Bewegungstherapie bei Asthma
Sport kann Asthma lindern - Voraussetzung ist eine umfangreiche Leistungsdiagnostik. Gezieltes Training hilft, die körperliche Belastbarkeit zu steigern und Anfälle zu minimieren.
Auch wenn körperliche Belastung Asthma-Anfälle auslösen kann, sind Asthma und Sport kein Widerspruch. Asthmatiker sollten sich allerdings sportlich nicht überfordern.

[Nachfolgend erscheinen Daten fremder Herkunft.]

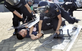 本报长沙讯 8月29日上午,星沙通程文化广场,一名手持长棍的“暴徒”突然从角落冲出,追逐一名男子。这时,警铃响起,一台特警装甲车驶来,车上下来六名特警,快速将“暴徒”制服。这是长沙县公安局开展的反恐演练过程中的一幕。29日上午,由长沙县公安局开展的长沙县《反恐怖主义法》宣传周启动仪式举办,包括武警、巡警、特警在内的民警共100人参与了此次活动。现场长沙县公安局特警中队长潘庄展示并一一介绍了防暴装甲车、防暴盾牌、镇暴叉等防暴装备。 文/记者 陈诗娴 实习生 常盼 何鸽 图/记者 华剑
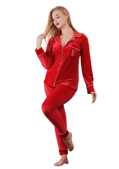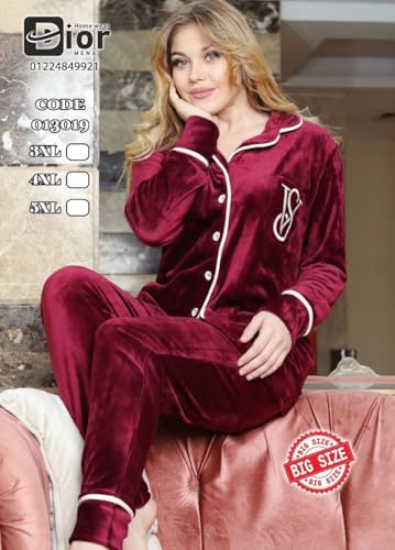 Generic - طقم بيجامة قطيفه شتويه مقاس 2اكس لارج للنساء
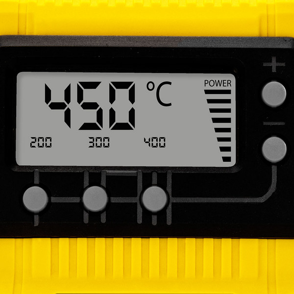 The compact base station with its easily accessible on/off switch, storage compartments for solder and soldering tips as well as an easily accessible control panel with a digital LC display provides the digital centrepiece of this soldering station. You can conveniently three temperature levels at the touch of a button and make fine adjustments in steps of 10 °C. When switching the station on, it will always start with the temperature setting used last.
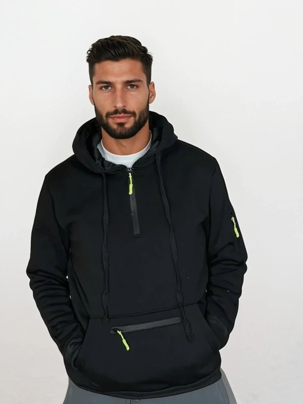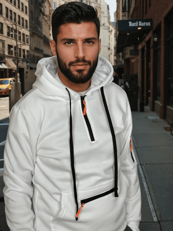 - Regulowany kaptur: Kaptur z możliwością dopasowania daje swobodę wyboru, co sprawia, że bluza dobrze spełnia swoją funkcję zarówno podczas codziennych aktywności w mieście, jak i w trakcie spokojniejszych chwil na świeżym powietrzu.
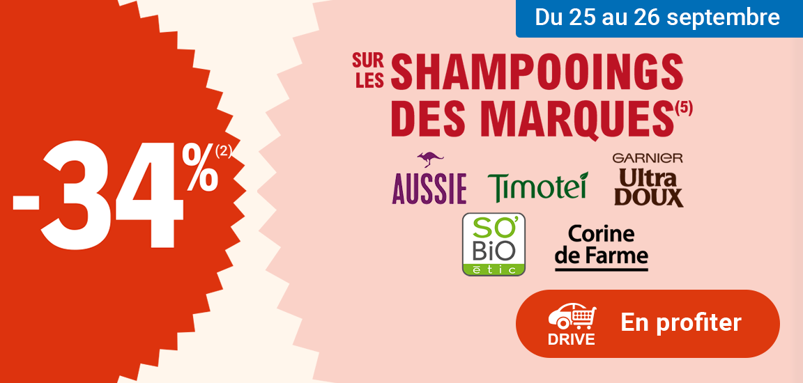 Auteur Sujet: Leclerc : 34% de RI sur sélection de marques de shampooings (25/09 - 26/09)  (Lu 361 fois)
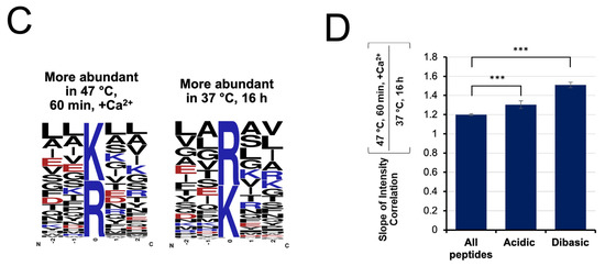 The cleavage efficiency of trypsin varies depending on the nature of the residues proximal to the cut site, with reduced digestion expected for dibasic sites and when K and R residues are adjacent to acidic residues [61,62]. We compared the relative cleavage efficiency of these “hard-to-cut” regions between the enhanced and conventional digests. From Figure 9A,B, it was found that 55% of all miscleaved peptides were contributed by acidic or dibasic cut sites. Based solely on the relative frequencies of miscleavage sites, the motif diagrams in Figure 9C reflect equivalent efficiency for digestion of acidic and basic amino acids within 2 residues or the C-terminal cleavage site. However, a quantitative assessment of these peptides (Figure 9D shows that acidic and dibasic C-terminal digestion sites were cleaved with significantly greater efficiency in the enhanced digest compared to the conventional (p < 0.001). The combination of enhanced cleavage of traditionally difficult sites with a reduction in semi-tryptic peptides lends a conclusion that the accelerated (1 h) incubation at 47 °C with added calcium ions provides an enhanced digestion relative to the conventional overnight (37 °C) approach.
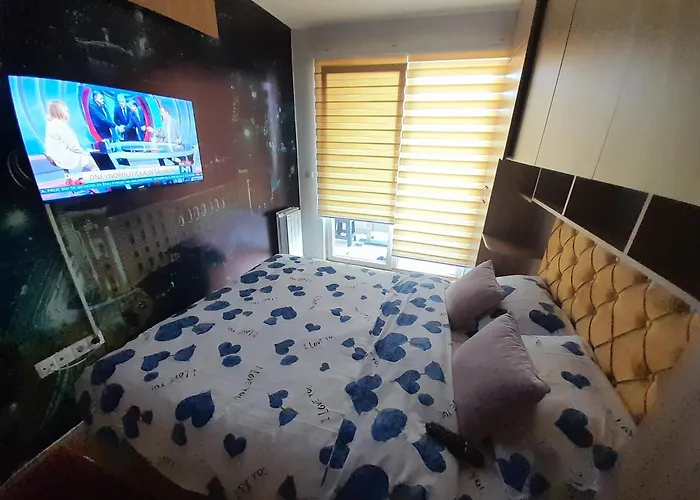 Das 1-Zimmer-Jacuzzi For Relax - Hollywood Apartment, Stup, Sarajevo befindet sich in Sarajevo, ungefähr 7 km vom Nationalmuseum von Bosnien und Herzegowina entfernt, und bietet einen Jacuzzi. Das Apartment verfügt über einen Swimmingpool und eine Terrasse mit Blick auf die Berge.
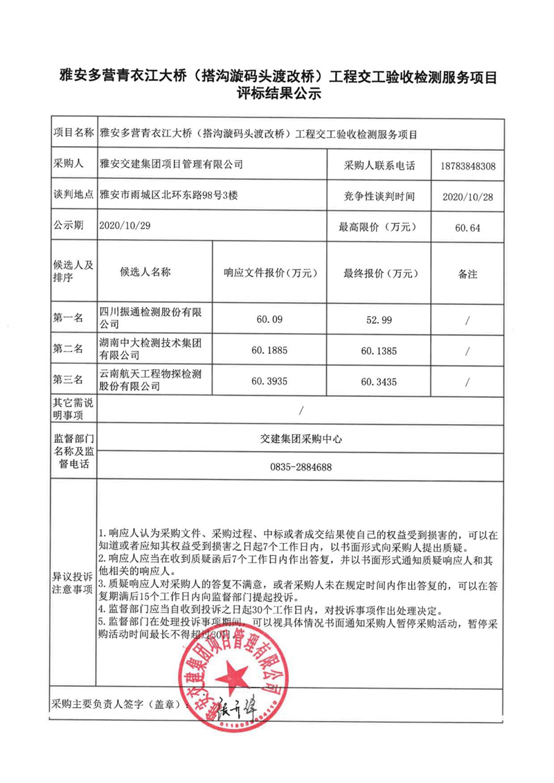 雅安交建集團(tuán)項(xiàng)目管理有限公司雅安多營青衣江大橋(搭溝漩碼頭渡改橋)工程交工驗(yàn)收檢測服務(wù)項(xiàng)目評標(biāo)結(jié)果公示
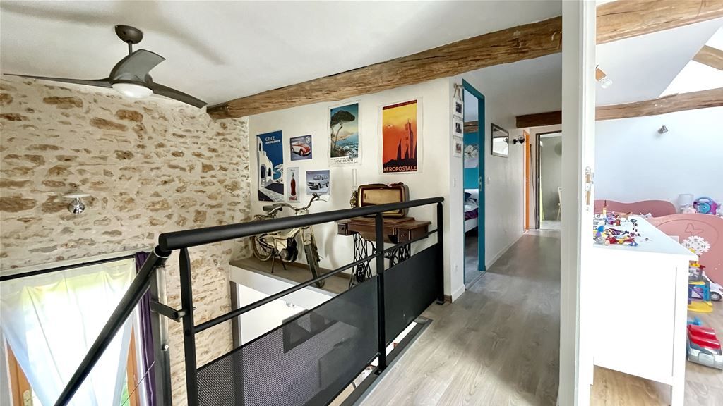 Sur une parcelle de 372 m2, cette maison en pierre offre en rez-de-chaussée une entrée avec placards, un séjour de 38 m2 avec cuisine américaine ouvrant sur une terrasse exposée sud-ouest, un espace cellier-buanderie, un wc séparé. A l'étage, un palier mezzanine avec coin bureau, 3 chambres, une salle d'eau avec wc. Garage de 24 m2 avec grande mezzanine de stockage. Coup de coeur assuré !

Wie Bewegung Asthma lindern kann
Bewegungs-Training beeinflusst das Asthma selbst nicht. Wer seine Grundfitness verbessert, kann aber damit die Schwelle heraufsetzen, ab der ein Belastungsreiz einen Asthma-Anfall auslöst. Bei relativ schlechter körperlicher Fitness reicht unter Umständen schon ein normaler Alltagsreiz, etwa Treppensteigen, um einen Anfall zu provozieren. Dem lässt sich entgegenwirken. Regelmäßiges körperliches Training verbessert zudem die Lungenfunktion und den Gasaustausch, steigert die Herz-Leistungsfähigkeit und die Sauerstoffnutzung in den Muskeln.
Das optimale Training
Um die persönlich passende Trainingsintensität zu ermitteln, sollte am besten eine sportärztlichen Untersuchung mit einer Leistungsdiagnostik durchgeführt werden: Während der Proband auf dem Ergometer ins Schwitzen kommt, werden Blutdruck, Pulsfrequenz und die Milchsäure im Blut bei steigender Belastung fortlaufend gemessen. So lässt sich unter anderem feststellen, ab welcher Belastung die Muskeln übersäuern: Wenn Muskeln arbeiten, bilden sie Milchsäure und geben sie ins Blut ab, sodass sie im Körper abgebaut werden kann. Bei zu hoher Belastung kann der Körper die Milchsäure-Menge nicht mehr eliminieren, er übersäuert. Über diese Grenze sollte die Trainingsintensität nicht hinausgehen, hier liegt der individuell optimale Trainingspuls.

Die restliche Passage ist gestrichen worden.